Dear R-devel,
May I suggest that a new feature be added to a couple of unique() methods?
Sometimes it's useful to have the indices of the original data that the
unique elements come from, so that the original data can be recreated from
the unique()ed data. I suggest that an `index' argument be added for
unique. Below is a suggested patch against
R/src/library/base/R/duplicated.R:
*** R-devel/src/library/base/R/duplicated.R Tue Jul 20 12:45:52 2004
--- duplicated.R Thu Aug 19 14:50:38 2004
***************
*** 34,50 ****
## NB unique.default is used by factor to avoid unique.matrix,
## so it needs to handle some other cases.
! unique.default <- function(x, incomparables = FALSE, ...)
{
if(!is.logical(incomparables) || incomparables)
.NotYetUsed("incomparables != FALSE")
z <- .Internal(unique(x))
if(is.factor(x))
! factor(z, levels = seq(len=nlevels(x)), labels = levels(x),
! ordered = is.ordered(x))
else if(inherits(x, "POSIXct") || inherits(x, "Date"))
! structure(z, class=class(x))
! else z
}
unique.data.frame <- function(x, incomparables = FALSE, ...)
--- 34,51 ----
## NB unique.default is used by factor to avoid unique.matrix,
## so it needs to handle some other cases.
! unique.default <- function(x, incomparables = FALSE, index=FALSE, ...)
{
if(!is.logical(incomparables) || incomparables)
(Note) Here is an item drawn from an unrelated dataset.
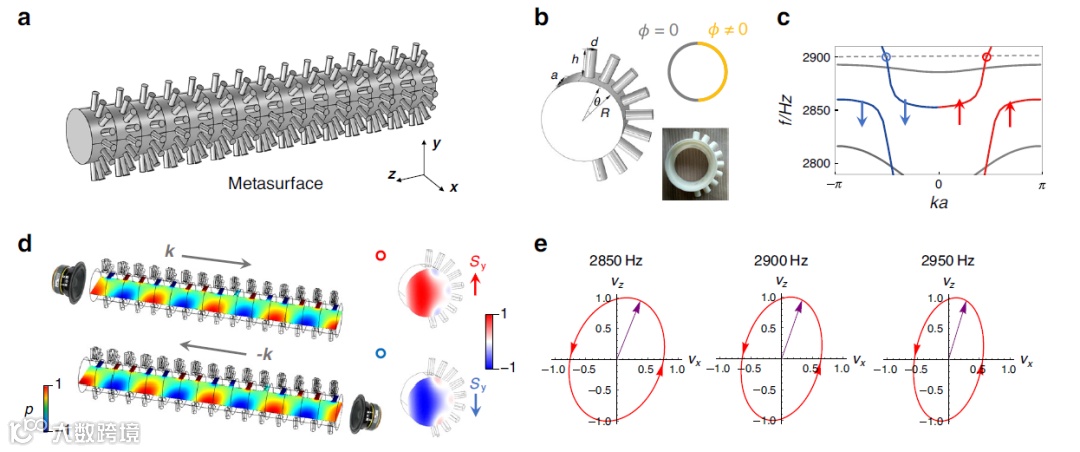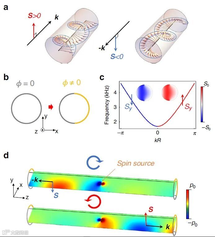 d 在2.9 kHz时,不同传播方向的波导模式具有相反的自旋角动量。

.NotYetUsed("incomparables != FALSE")
z <- .Internal(unique(x))
if(is.factor(x))
! z <- factor(z, levels = seq(len=nlevels(x)), labels = levels(x),
! ordered = is.ordered(x))
else if(inherits(x, "POSIXct") || inherits(x, "Date"))
! z <- structure(z, class=class(x))
! if (index) attr(z, "index") <- match(x, z)
! z
}
unique.data.frame <- function(x, incomparables = FALSE, ...)
***************
*** 55,61 ****
}
unique.matrix <- unique.array <-
! function(x, incomparables = FALSE , MARGIN = 1, ...)
{
if(!is.logical(incomparables) || incomparables)
.NotYetUsed("incomparables != FALSE")
--- 56,62 ----
}
unique.matrix <- unique.array <-
! function(x, incomparables = FALSE , MARGIN = 1, index=FALSE, ...)
{
if(!is.logical(incomparables) || incomparables)
.NotYetUsed("incomparables != FALSE")
***************
*** 66,70 ****
args <- rep(alist(a=), ndim)
names(args) <- NULL
args[[MARGIN]] <- !duplicated(as.vector(temp))
! do.call("[", c(list(x=x), args, list(drop=FALSE)))
}
--- 67,76 ----
args <- rep(alist(a=), ndim)
names(args) <- NULL
args[[MARGIN]] <- !duplicated(as.vector(temp))
! res <- do.call("[", c(list(x=x), args, list(drop=FALSE)))
! if (index) {
! resTemp <- apply(res, MARGIN, function(x) paste(x, collapse
"\r"))
! attr(res, "index") <- match(temp, resTemp)
! }
! res
}
An example usage:
> x <- sample(5, 10, rep=T)
> x
[1] 4 2 5 3 2 3 4 2 2 3> z <- unique(x, index=TRUE)
> z[attr(z, "index")] == x
[1] TRUE TRUE TRUE TRUE TRUE TRUE TRUE TRUE TRUE TRUE> x <- factor(x)
> z <- unique(x, index=TRUE)
> z
[1] 4 2 5 3
Levels: 2 3 4 5> z[attr(z, "index")] == x
[1] TRUE TRUE TRUE TRUE TRUE TRUE TRUE TRUE TRUE TRUE
[I have not tried adding the same thing for the unique.data.frame method,
but that shouldn't be too hard...]
Best,
Andy
Andy Liaw, PhD
Biometrics Research PO Box 2000, RY33-300
Merck Research Labs Rahway, NJ 07065
mailto:andy_liaw@merck.com 732-594-0820